Incremental value of burden of CAD on CTA in predicting survival
Receiver-operator characteristic curves were generated to determine the predictive value of traditional risk factor assessment, extent of CAD as determined by CTA, and CACS in combination with CTA disease burden with respect to mortality. The AUC was calculated for each model (Fig. 5). In our cohort of patients, we found that the angiographically significant CAD characteristics as detected by CTA (model II) more accurately predicted mortality than did traditional risk factor assessment (model I [AUC 0.83, 95% CI: 0.77 to 0.88, p = 0.0001 vs. AUC 0.69, 95% CI: 0.61 to 0.77, p = 0.0001]). When CACS was combined with significant CAD detected on CTA (model III), the AUC demonstrated even greater predictive power than presence of significant CAD alone (AUC 0.89, 95% CI: 0.86 to 0.93, p = 0.0001).
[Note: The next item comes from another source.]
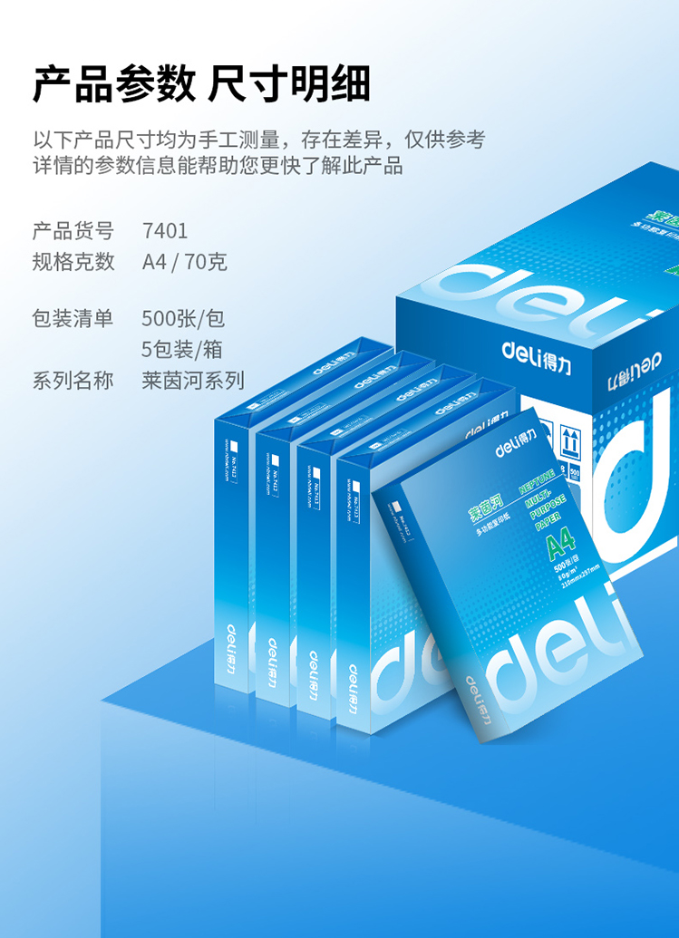 得力/deli 7401 復印紙 萊茵河 70g 500張/包
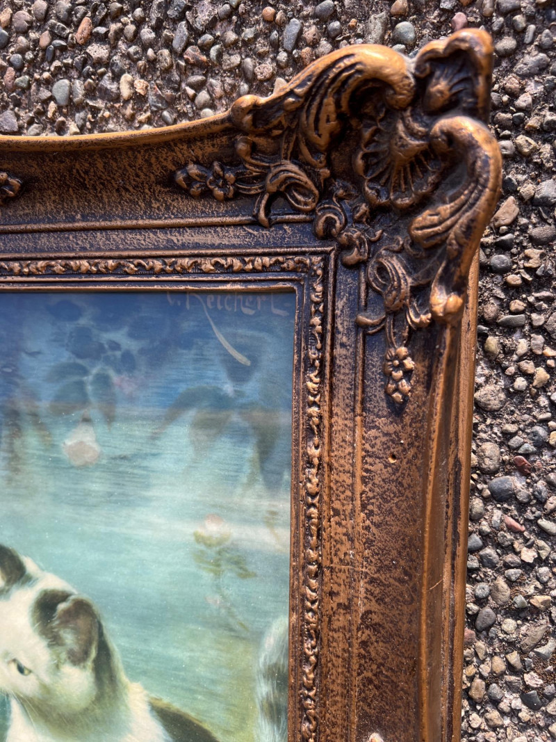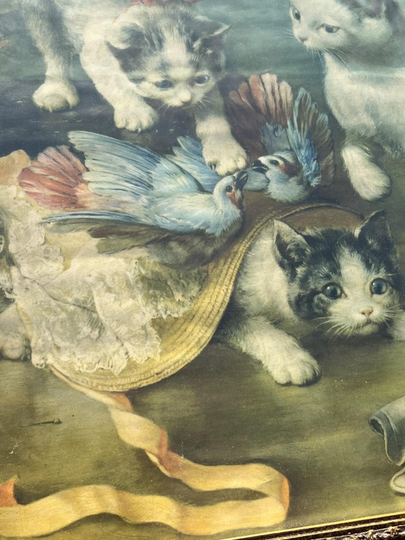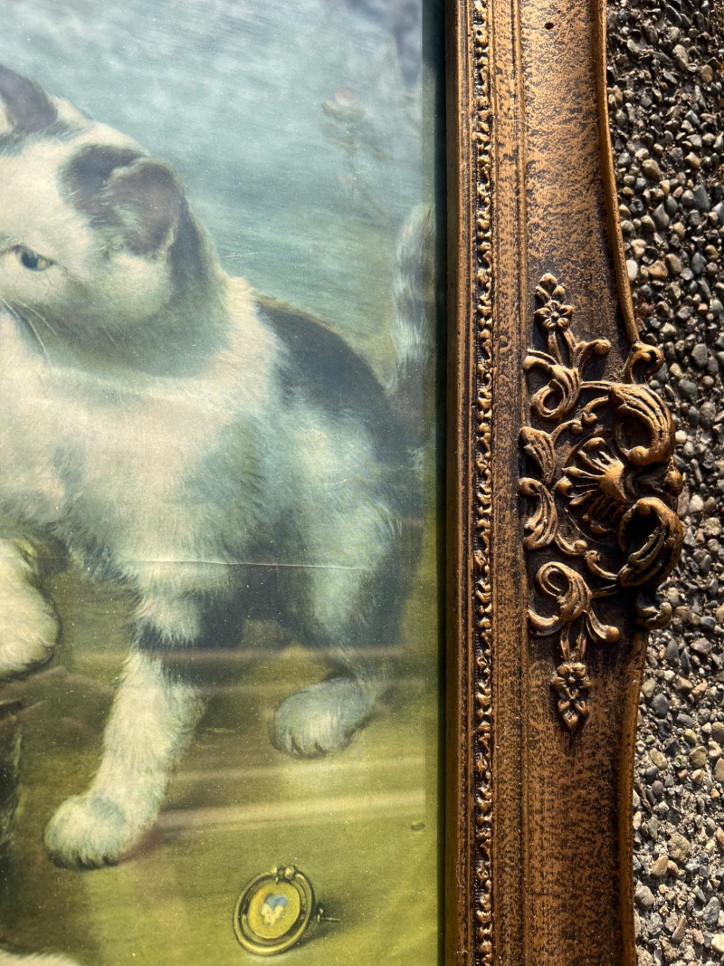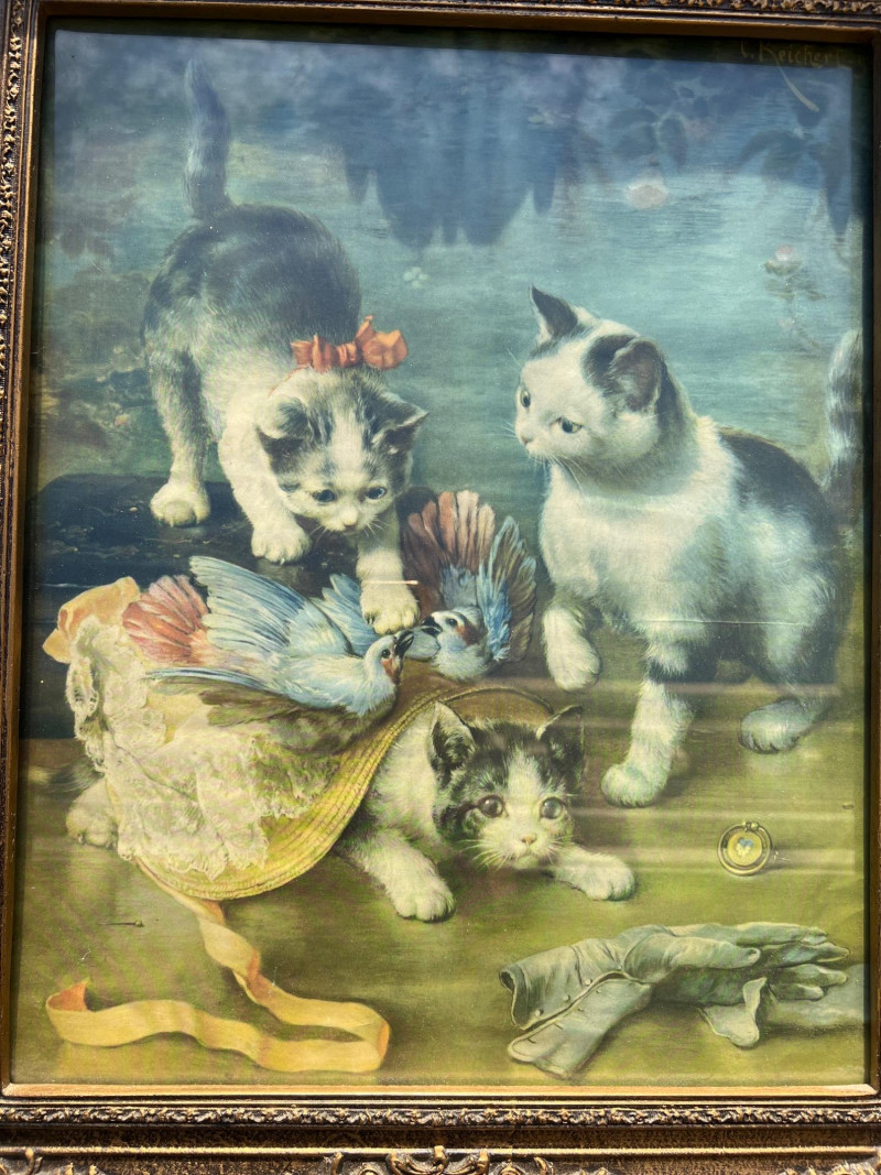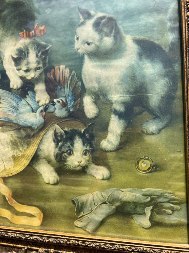 Lot # 84 - C Reichert Mischievous Kittens Vintage Lithograph-Ornate Antique Frame

The primary results of our study reveal that the burden of angiographic disease detected by CTA positively correlates with the incidence of all-cause mortality among patients with suspected CAD referred for evaluation in an outpatient setting. Furthermore, this is the first study to demonstrate that CTA is incremental to traditional risk factors plus coronary calcium in predicting all-cause mortality. Given the recent emergence of CTA as an evaluation tool for CAD, very few prognostic data exist. To our knowledge, this cohort represents the largest and longest follow-up after CTA in such a population, and is one of few studies demonstrating the prognostic value of this technology. The end point, all-cause mortality, with 86 events, provides this investigation with significant statistical power to evaluate the prognostic significance of CTA using EBT.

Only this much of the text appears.